Obiettivi formativi

I laureati del corso di laurea devono:
- Possedere una conoscenza approfondita dei processi biologici e tecnici che determinano la produzione degli alimenti di origine vegetale e animale;
- Essere in grado di gestire ed ottimizzare i processi produttivi ed individuare soluzioni tecnologiche o modificazioni delle procedure che si rendano necessarie per ottemperare a normative europee o specifiche commerciali in materia di sicurezza, in armonia con le normative internazionali;
- Possedere una conoscenza oggettiva e sistemica dei fattori ambientali, chimico-fisici, biologici, microbiologici e di processo che sono coinvolti nei fenomeni di degradazione, fermentazione, trasformazione fisica, chimica ed enzimatica delle materie prime e degli alimenti nonché delle loro conseguenze su conservabilità, proprietà nutrizionali ed antinutrizionali, caratteristiche reologiche e sensoriali;
- Essere in grado di correlare i dati sensoriali alla composizione degli alimenti e alle trasformazioni derivate dai metodi di cottura e/o di trattamento;
- Essere in grado di individuare sistemi di condizionamento, conservazione e confezionamento idonei a nuove esigenze commerciali, garantendo ove possibile la valorizzazione di quei caratteri peculiari che contribuiscono alla tipicità, anche in termini di immagine, dei singoli prodotti;
- Essere in grado di: a) valutare l'impatto sul consumatore, in termini di proprietà sensoriali e funzionali, di qualità nutrizionale, e di sicurezza, dei processi di trasformazione degli alimenti e delle diverse tipologie di cottura; b) modulare, conseguentemente, i processi e le formulazioni, qualora si rendesse necessaria la sostituzione o la riduzione di ingredienti di uso consolidato nella tradizione (es. nitriti nei prodotti carnei trasformati);
- Conoscere nel lungo periodo i processi economici legati ai diversi settori alimentari con riferimento alle dinamiche della domanda e dell'offerta;
- Essere in grado di conoscere e valorizzare in modo scientifico il peso individuale ed interattivo delle variabili che concorrono al concetto di "territorio" per quanto riguarda le produzioni tipiche in modo da poterle modulare e gestire in maniera ottimale anche in un contesto territoriale, sociale, produttivo, tecnologico ed economico in continua evoluzione;
- Comprendere il radicamento della cultura alimentare nella tradizione letteraria e pittorica nonchè nei media in epoca attuale;
- Possedere adeguate competenze e strumenti per la comunicazione (divulgazione scientifica, attività giornalistica) anche a livello professionale e la gestione dell'informazione nel settore gastronomico ed alimentare;
- Conoscere la politica comunitaria per la qualità delle produzioni alimentari e la tutela dei consumatori.

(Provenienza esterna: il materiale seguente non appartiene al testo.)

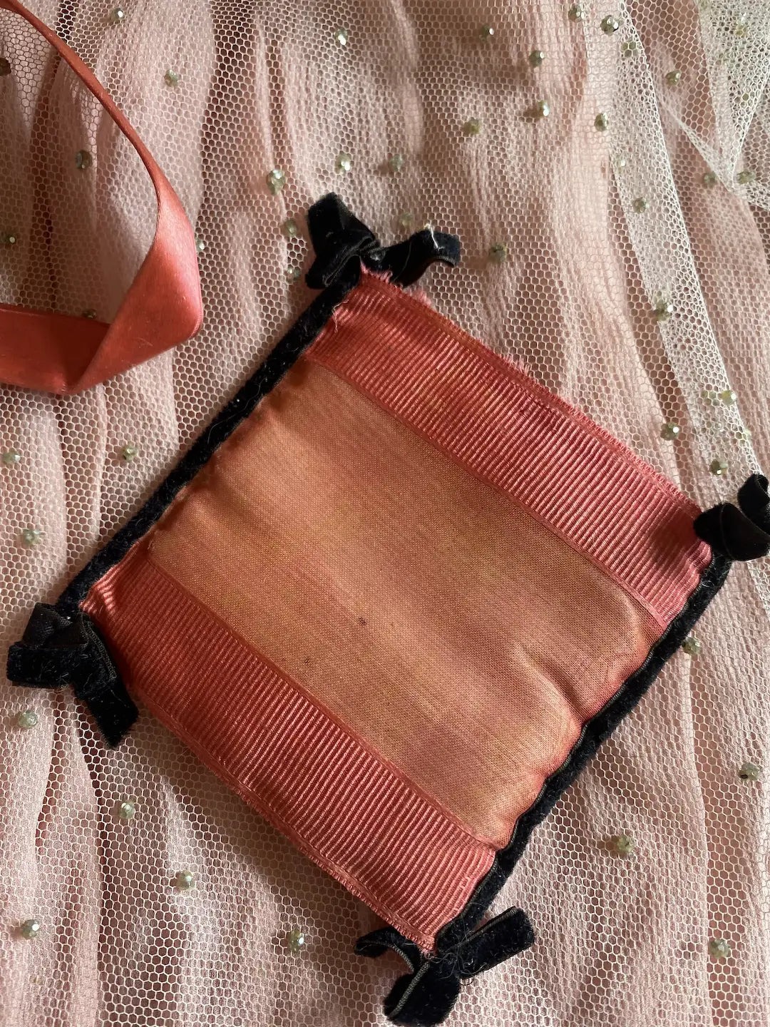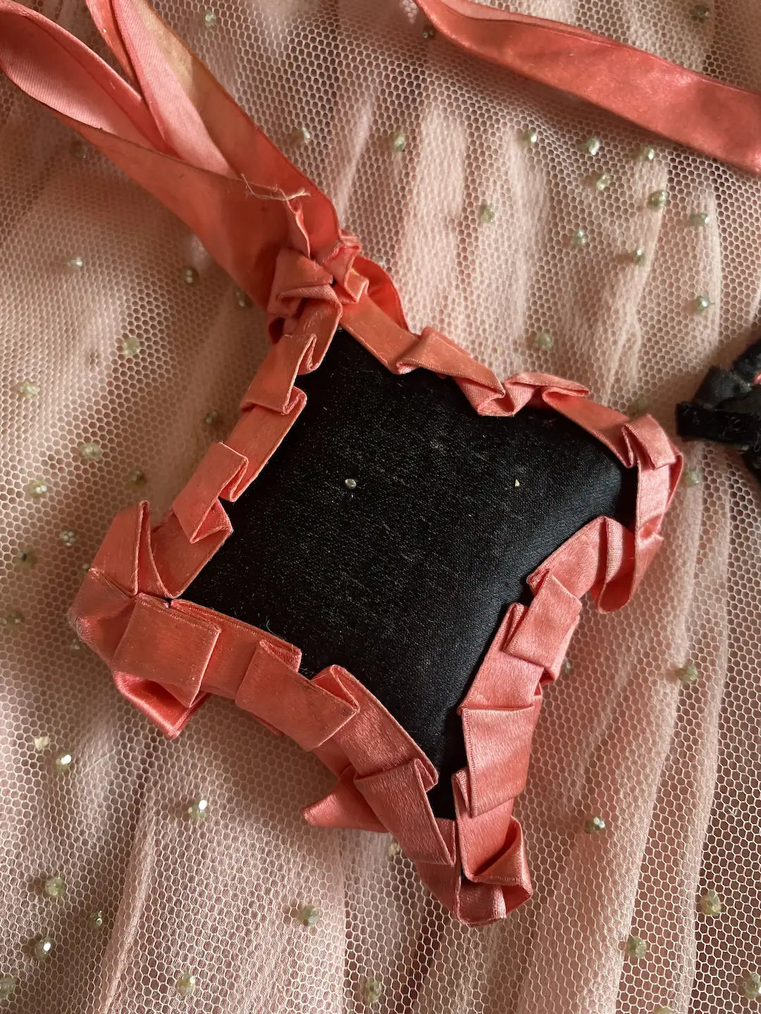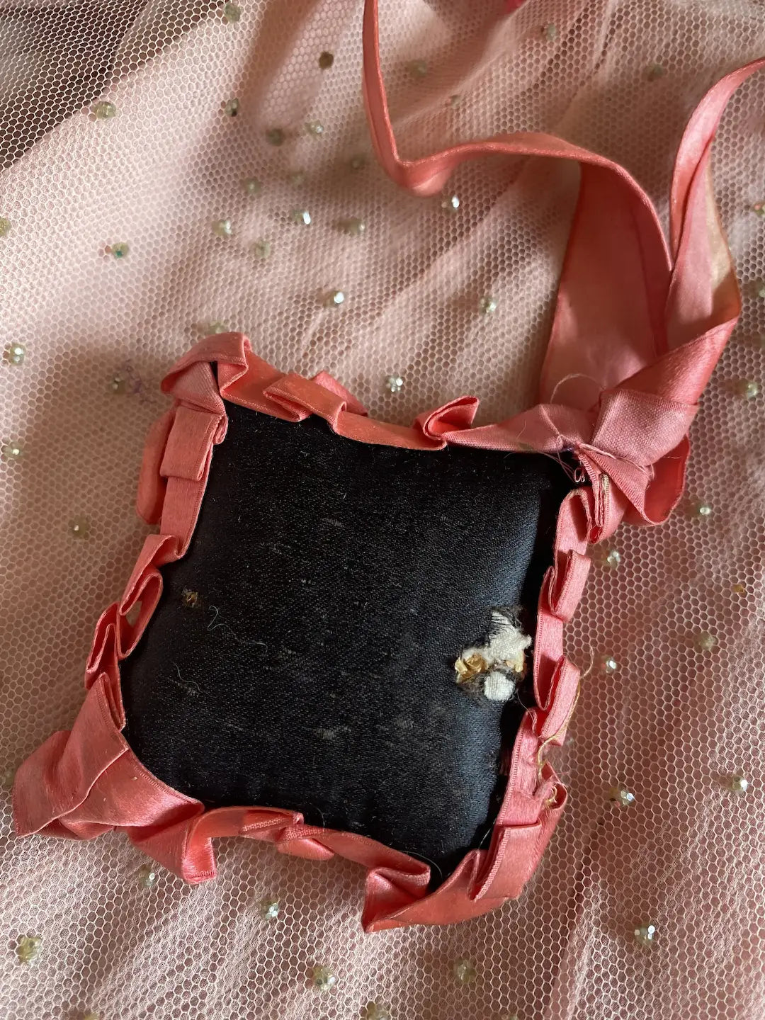 Set 2 Antique Pin Cushion Sachets Pink Black Silk Ribbons Bow Faux Pearls
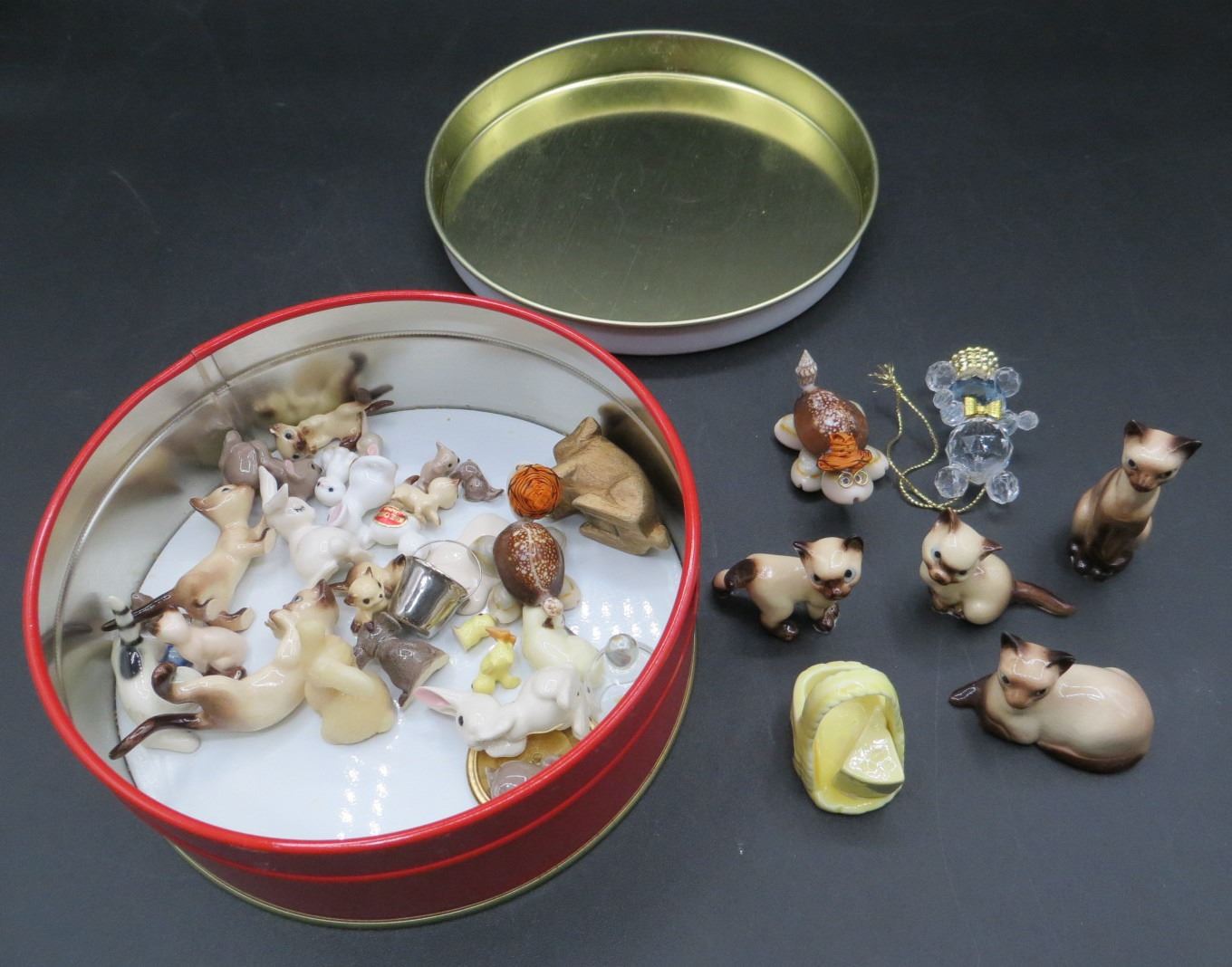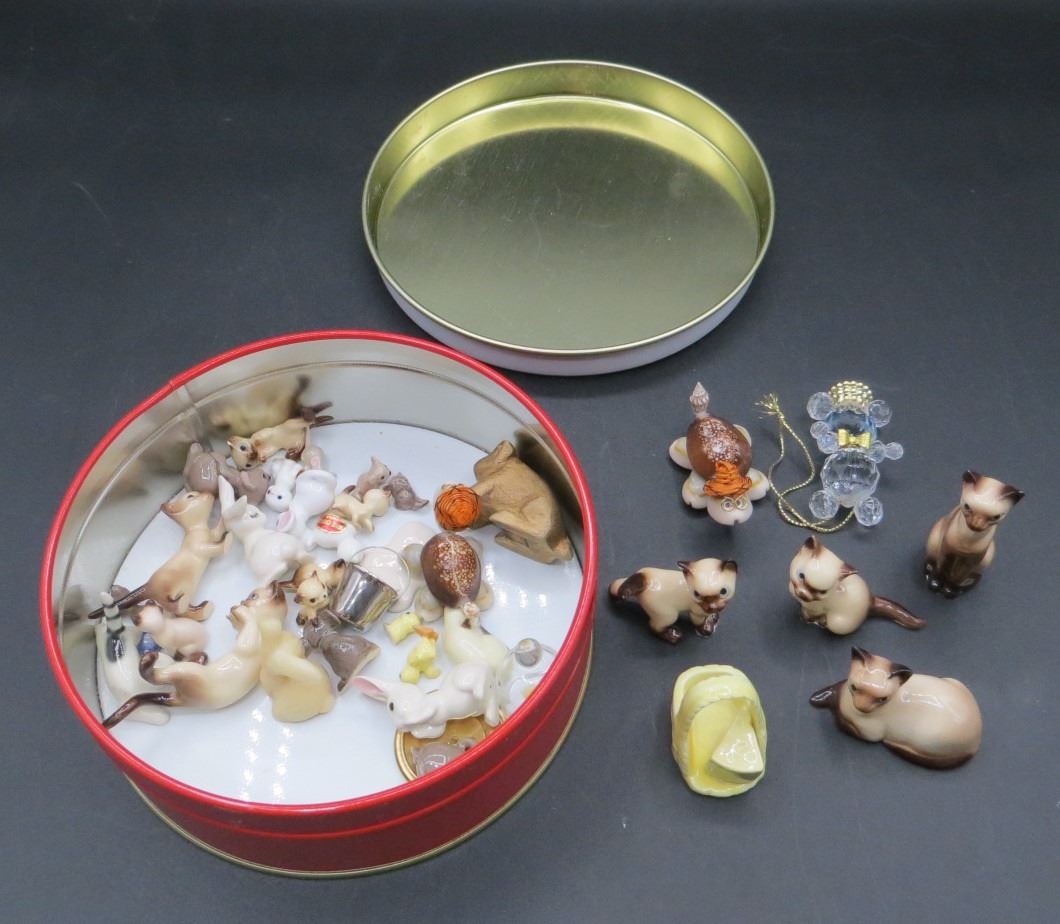 Candy Tin With Various Mini Collectible Figures Cats, Mice, Rabbits, Turtles & More
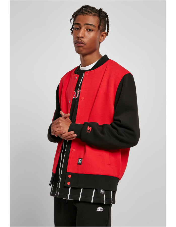 Promyšleně navržený kousek městské módy pro muže – tato pánská vysokoškolská bunda značky Starter přitahuje pozornost díky svému vysoce kontrastnímu barevnému provedení. Bunda je tradičně vybavena légou na druky a širokými manžetami na rukávech a spodním lemu. Dvě boční kapsy a ležérní oversize střih poskytují pohodlí a praktičnost. Ústředním designovým prvkem je propracovaná aplikace Starter, která pokrývá celá záda a je vylepšena plstěnými prvky. Aplikace se skládá z čísla 71 a slov „Hledej hvězdu“. Použitý styl se opakuje jako velké „S“ na pravém rukávu. Značku doplňuje malá výšivka Starter na levém rukávu a tkaný štítek na přední straně. Pánské vysokoškolské sako je vyrobeno z bavlny, polyesteru, elastanu a taftu (polyester).

Il percorso di studio si articola in una prima parte prevalentemente centrata su materie di base che forniscano allo studente strumenti atti ad affrontare le materie professionali. Seguono le materie professionali caratterizzanti, molto varie dal punto di vista degli ambiti interessati, e un tirocinio legato alla specificità della formazione nel campo dell'enogastronomia.
Date le risorse in termini di docenza del Dipartimento di afferenza, non è stato sinora possibile programmare orientamenti diversi dal percorso fondamentale, a parte la scelta di opzionali, peraltro sufficientemente ricca e aderente alle necessità formative professionalizzanti.